DIRECTIONS FOR THIS TASK — Look below for the line containing "Then, on Jan." and the line containing "А ще отримали", then set down both and every line between them exactly, without pictures.

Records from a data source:
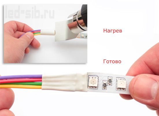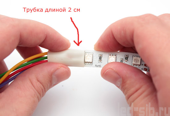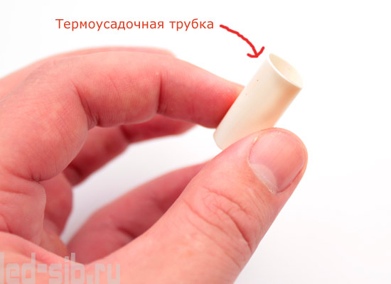 Принцип ее действия заключается в том, что при нагревании она значительно уменьшается и плотно облегает контакты. Таким образом достигается электрическая изоляция и механическая прочность. Продают термоусадочные трубки по одному метру, стоимость метра – примерно 30 рублей (зависит от города). Для нашей ленты нужна трубка диаметром 10 мм. Итак, отрезаем маленький кусочек трубки (2 см) и одеваем его на контакты ленты.
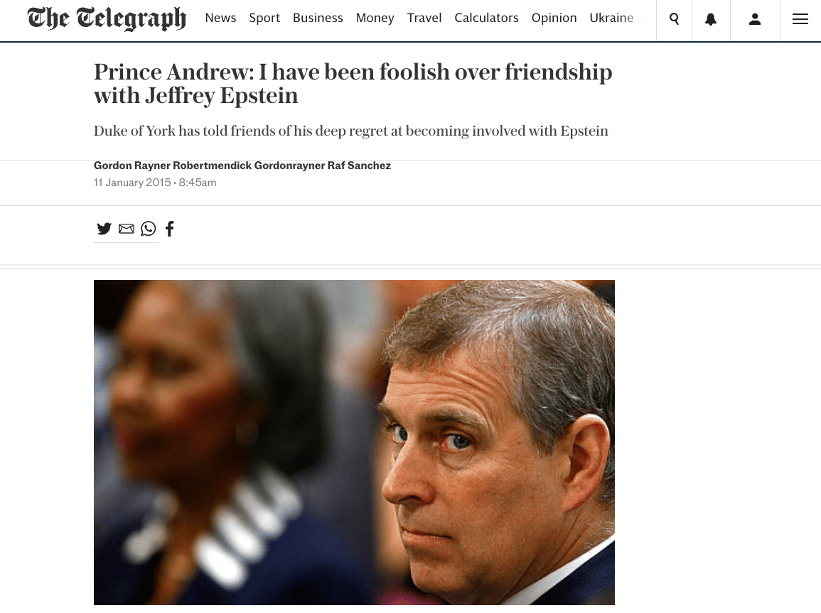 Then, on Jan. 11, 2015, a story appeared in the Telegraph reporting that Andrew said he had been “foolish” to befriend and maintain a relationship with Epstein. It’s important to note that, according to the Telegraph, unlike the two previous statements, this wasn’t an official quote from the Palace — the Telegraph said that it got the quotes from “a source close to the Duke.” As often happens in the UK press, the story was immediately picked up by several outlets such as the Daily Mail, the Times, and the Daily Beast, to name a few.
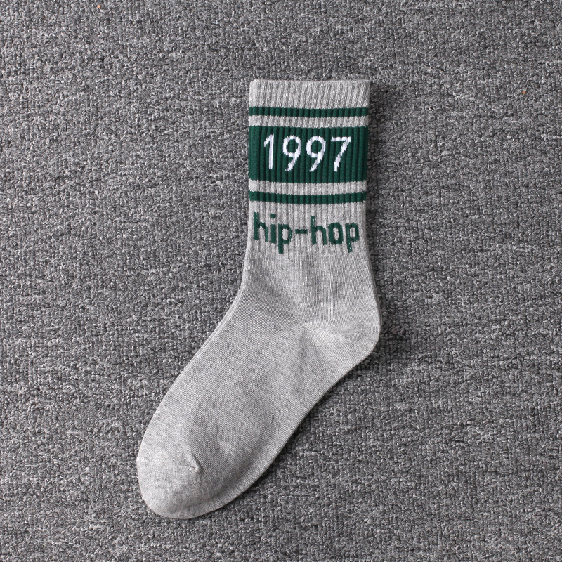 • 3001-18 긴 회색 양말 녹색 바 1997
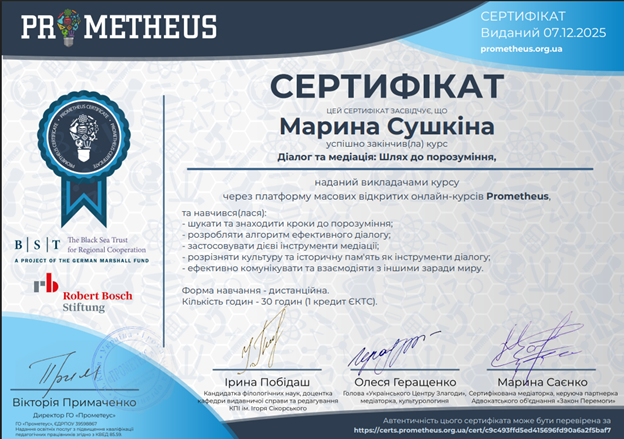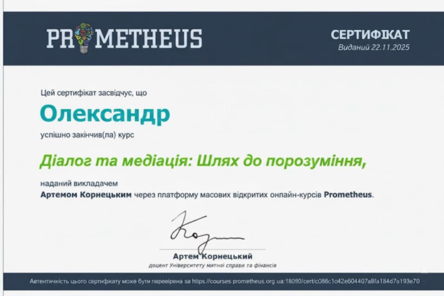 А ще отримали сертифікати з курсів: «Побудова успішної кар’єри» і «Діалог та медіація. Шлях до порозуміння».
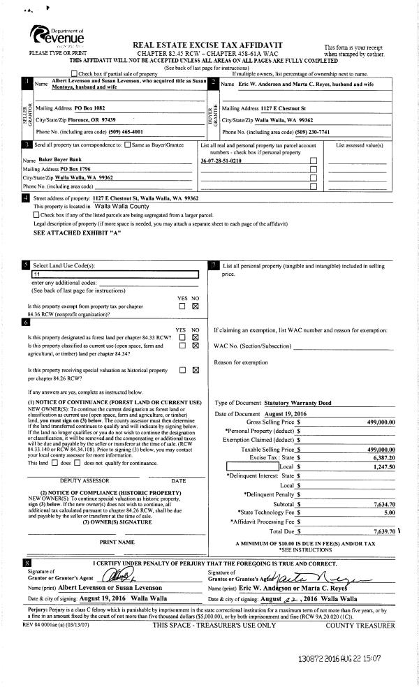 | 3 | 08/22/2016 | SWD | STATUTORY WARRANTY DEED | LEVENSON ALBERT | ANDERSON ERIC W | | | $499,000.00 | 130872 | 2016-06732 |
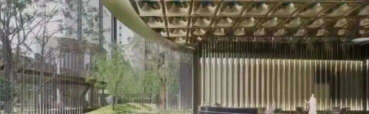 昭示性标识前场与艺术门廊式住宅社区大堂是业主身份转变的空间,改变传统“步入家门才为家”的概念。
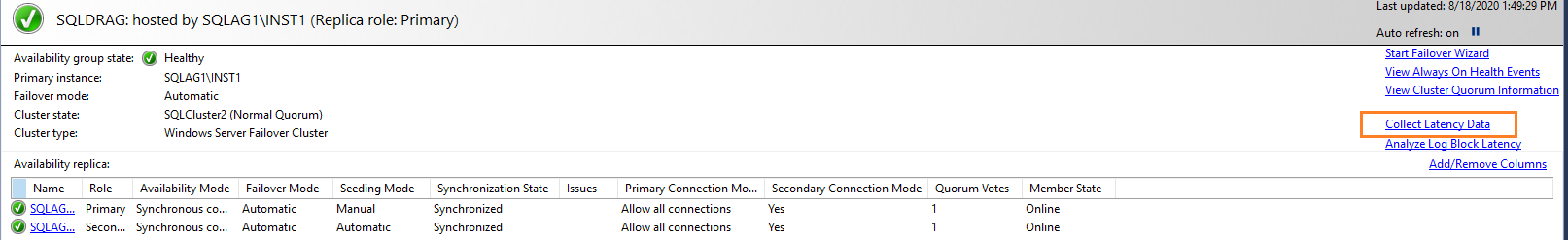 We can use this option to collect the latency bottleneck information between the AG replicas. Once you click on the collect latency data, it creates a SQL agent job AlwaysOn_Latency_Data_Collection and collects the relevant data for you.
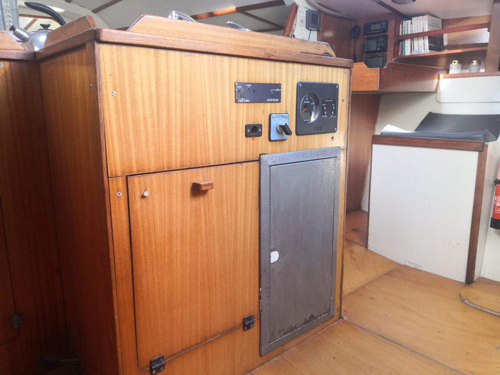 ACCOMODATION: Sleeps 6 in 2 cabins and saloon. Interior balsa mahagoni wood. Partial insulation. Saloon with U shaped seating for 6 to starboard, additional sofa seating to port. Nav station to port aft and galley to starboard aft. Galley with U shaped stainless steel worktops with built in single stainless steel sink with mixer tap. 2 Burner stove with oven. 80L Top loading refrigerator (convertible into freezer). Full kitchen inventory. Aft cabins: double bed with hanging locker and cupboard storage. Head: Jabsco toilet, washbasin with mixer tap. Shower with shower pump. Lots of storage. Water 2x175L. Holding tank 60L. Electric and manual bilge pump. Additional moveable electric bilge pump.

WRITTEN ANSWER —
 Then, on Jan. 11, 2015, a story appeared in the Telegraph reporting that Andrew said he had been “foolish” to befriend and maintain a relationship with Epstein. It’s important to note that, according to the Telegraph, unlike the two previous statements, this wasn’t an official quote from the Palace — the Telegraph said that it got the quotes from “a source close to the Duke.” As often happens in the UK press, the story was immediately picked up by several outlets such as the Daily Mail, the Times, and the Daily Beast, to name a few.
 • 3001-18 긴 회색 양말 녹색 바 1997
 А ще отримали сертифікати з курсів: «Побудова успішної кар’єри» і «Діалог та медіація. Шлях до порозуміння».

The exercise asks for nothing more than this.